# Giant Spider ID



## Azzuri (May 14, 2010)

I was recently on a camping/fishing trip with a few friends in some old woods in Springfield Township, near the Akron border. After our night fishing, we came back to camp and found this guy walking around our food. It was easily the biggest spider I have ever seen in the wild, and I could even hear it walking. The eyes glowed in the light just as a cat's would. It wasn't intimidated by us at all and didn't try to flee. It is sitting on a bag of Quaker rice cakes. It would be great if someone could help me identify this spider (or tell me where I should submit the photo), because 1. I didn't know spiders this big and hairy lived in Ohio and 2. We enjoy camping/fishing here and all of us were pretty freaked out. I'm sorry the photo quality isn't best as far as identifying marks/colors, but it was taken from a cell phone. From the research I have done, I think it might be a Giant Fishing Spider, though extremely rare in NE Ohio. Thanks guys.


----------



## Katanafreak (Aug 25, 2010)

maybe a wolf spider? they get HUGE! and they are all over Texas when i was down in Fort Hood. Dunno if they are in Ohio at all but look just about the same.


----------



## salmon king (Aug 20, 2008)

One day when I was cray fishing{ geting crawfish) down in concord I saw a spider that me and my friend thought was a tarantula... I honestly think it was even bigger than that one in your pic.. but who knows it might just be a lebron spyder< only native to Akron> lol


----------



## Chubz (Apr 8, 2009)

Yes it is indeed a wolf spider. Common spider to our area and can be rather large. Most of them dont get that big but iv seen 2 that were hugh. Non venomous but i sure as heck wouldnt touch that thing.


----------



## whjr15 (Jun 16, 2005)

Could it be this: http://www.marion.ohio-state.edu/spiderweb/SpiderPictures/Philodromidae/Philodromus%20cespitum.htm

Not sure, but I'm pretty sure it isn't a wolf spider, as it doesn't have the right coloring... But like you said, it could be the pic quality throwing me off?

EDIT: Nevermind, upon a google image search, I was way off! That picture on that link is misleading! lol. 
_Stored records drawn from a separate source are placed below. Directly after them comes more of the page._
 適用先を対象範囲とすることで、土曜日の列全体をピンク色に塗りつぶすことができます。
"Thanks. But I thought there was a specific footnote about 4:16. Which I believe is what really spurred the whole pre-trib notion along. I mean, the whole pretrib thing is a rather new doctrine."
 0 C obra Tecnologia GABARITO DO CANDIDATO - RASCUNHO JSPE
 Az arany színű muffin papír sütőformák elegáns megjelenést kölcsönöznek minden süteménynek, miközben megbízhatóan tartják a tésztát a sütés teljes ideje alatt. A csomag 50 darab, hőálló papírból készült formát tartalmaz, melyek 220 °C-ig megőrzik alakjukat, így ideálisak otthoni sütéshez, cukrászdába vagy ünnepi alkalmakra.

Have no idea what kind it is.


----------



## Muskarp (Feb 5, 2007)

Azzuri said:


> It wasn't intimidated by us at all and didn't try to flee.
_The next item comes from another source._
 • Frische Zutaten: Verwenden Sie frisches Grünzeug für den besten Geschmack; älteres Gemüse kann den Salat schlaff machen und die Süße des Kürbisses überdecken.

Because you guys had rice cakes and marshmallows!


----------



## JimmyMac (Feb 18, 2011)

I kill at least 3 of those a week in my house out here in Ross. Just the other night I seen the biggest one yet, take that spider and double it, that is what was on my back porch. 
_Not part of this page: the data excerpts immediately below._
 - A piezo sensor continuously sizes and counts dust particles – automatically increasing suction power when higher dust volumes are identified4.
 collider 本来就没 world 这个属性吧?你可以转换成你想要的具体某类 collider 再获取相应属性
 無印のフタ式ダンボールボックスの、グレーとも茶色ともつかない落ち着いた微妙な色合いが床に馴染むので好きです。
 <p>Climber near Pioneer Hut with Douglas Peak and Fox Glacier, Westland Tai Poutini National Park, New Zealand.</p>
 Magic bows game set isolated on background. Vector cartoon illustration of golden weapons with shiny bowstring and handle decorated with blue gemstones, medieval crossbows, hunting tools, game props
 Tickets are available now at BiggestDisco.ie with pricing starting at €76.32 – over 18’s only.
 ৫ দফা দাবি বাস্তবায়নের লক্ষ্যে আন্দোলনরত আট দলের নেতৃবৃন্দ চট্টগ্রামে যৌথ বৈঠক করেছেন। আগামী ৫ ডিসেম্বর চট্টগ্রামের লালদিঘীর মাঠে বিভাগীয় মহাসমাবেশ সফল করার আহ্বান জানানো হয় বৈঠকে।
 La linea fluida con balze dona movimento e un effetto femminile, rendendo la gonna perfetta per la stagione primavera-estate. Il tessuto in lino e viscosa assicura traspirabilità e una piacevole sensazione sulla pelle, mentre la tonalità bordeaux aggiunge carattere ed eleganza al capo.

Those spiders carry their young on their backs, one day I was getting into the shed out back and one was apparently above the door, as I opened the door and walked in, it landed on my head. I quickly knocked it off, but like a hundred baby spiders where all over my head... 

I hate them stupid things, every time I see one I kill it as violently as possible, smashing it beyond recognition. Sort of helps shake that creepy feeling once You make sure its good and dead, lol.


----------



## jcustunner24 (Aug 20, 2007)

In my opinion, this is the scariest spider there is.... it's rare to see them much further than Southern Ohio, but brown recluse spiders can do some serious damage and they're little so they typically don't let you know they're around.


----------



## Steelheadquarters (Aug 29, 2006)

Yep! Wolf spider!


----------



## Evinrude58 (Apr 13, 2011)

Yea Brown recluse can actually kill you if you don't see a doc. I got bit by a baby one in Austin Texas(1988). Still got a scar on my left hand.


----------



## ezbite (May 25, 2006)

Muskarp said:


> Because you guys had rice cakes and marshmallows!


hahahaha that was funny


----------



## jcustunner24 (Aug 20, 2007)

Evinrude58 said:


> Yea Brown recluse can actually kill you if you don't see a doc. I got bit by a baby one in Austin Texas(1988). Still got a scar on my left hand.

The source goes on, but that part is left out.